If we then do an insert into a table that is being monitored by this Extract process will write the following piece of data in /tmp/trace_me.trc:

12:20:26.259 (397290) * --- entering DataSource::readLCR() --- *
12:20:28.161 (399192) Extract pointer info reused [0], [file 0][src 0][tgt 0][tab PDB1.PDB1ADMIN.T1]. File [PDB1.PDB1ADMIN.T1], targ_idx [4294967295], object type [2], num_extracts [1]
12:20:28.163 (399194) exited DataSource::readLCR (stat=0, seqno=0, rba=0 io_type=5)
12:20:28.163 (399194) processing record for PDB1.PDB1ADMIN.T1
12:20:28.163 (399194) Writing seqno [21], rba [1465], table [PDB1.PDB1ADMIN.T1]
12:20:28.164 (399195) * --- entering DataSource::readLCR() --- *

The TRACE parameter shows what the extract is reading from the database and writing into the OGG trail file. This gives us some useful information we could use for troubleshooting OGG. To disable tracing from our extract we send it the TRACE OFF command:

GGSCI (rac1) 5> send extract EXT1 trace off

Sending trace request to EXTRACT EXT1 ...
Closing all trace files..

Keep in mind though that on a busy system with lots DML tracing can generate a huge amount of data. Besides sending the TRACE/TRACE2 command to a process you can add it to a parameter file directly to start tracing as soon as the the extract or replicat has finished parsing the parameter file. The actual tracing output from TRACE is limited, the main purpose is mainly to see where Golden Gate is spending most of its time on:

SUMMARY STATISTICS

General statistics:
0.00% Checking messages (includes checkpointing)
0.00% Checking periodic tasks
0.00% Waiting for more data
0.00% Converting ASCII data to internal
10.45% Reading input records
0.00% Writing output records (replicate_io)
0.00% Mapping columns
0.00% Outputting data records
0.00% Performing SQL statements
0.00% Executing BATCHSQL statements
0.00% Executing SQL statements
0.00% Preparing SQL statements
0.00% Commit operations
0.00% Rollback operations
0.00% Checkpointing

The difference between TRACE and TRACE2 is minimal, it showing you how long your process in spending in de different code segments:

17:00:07.961 (2814715) * --- entering DataSource::readLCR() --- *
17:00:07.961 (2814715) Reading input records 10.357% (execute=291.531,total=2814.713,count=15230)
17:00:07.961 (2814715) Checking messages (includes checkpointing) 0.005% (execute=0.143,total=2814.713,count=15230)

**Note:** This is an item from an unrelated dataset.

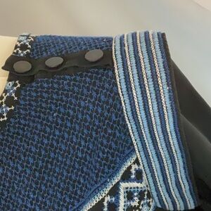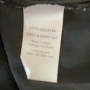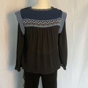 Fantastic Veronica Beard 100% silk top. Black base with beautiful embroidered top of white and 2 shades of blue. Black buttons line top of shoulder. Accentuated shoulder detail. Drawstring bottom. Loose fitting.

If you want tracing in Golden Gate you should look elsewhere, in the past Golden Gate had features such as tltrace and traceini but they are deprecated or being deprecated. Golden Gate has introduced Activity Logging Tracing in release 11.1.1.0.0. This feature has been out for a long while but is only documented in DocID 1204284.1 and can be very handy at some points. Activity Logging Tracing is enabled by default in OGG kernel but must be enabled which it can do on 2 ways. Activity Logging Tracing can generate a dump file as soon as one of your OGG binaries  abends. The other way to enable Activity Logging Tracing is by placing an XML file in $OGG_HOME that has this syntax: gglog-<process_name>.xml where process_name is can by the name of the group you want trace or the name of the binary. Doc ID 1204284.1 is not very clear about this but you can actuall trace almost every OGG binary including ggsci and server. Some examples to clarify how to name your Activity Logging Tracing xml file:

  • If you want to trace your extract EXT1 name the file gglog-EXT1.xml
  • If you want to trace an replicat called REP1 call it gglog-REP1.xml
  • For tracing every extract name it gglog-extract.xml
  • Similar for tracing ggsci call it gglog-ggsci.xml
  • If you want to trace everything name the file gglog.xml however this will generate a huge, huge, huge amount of data.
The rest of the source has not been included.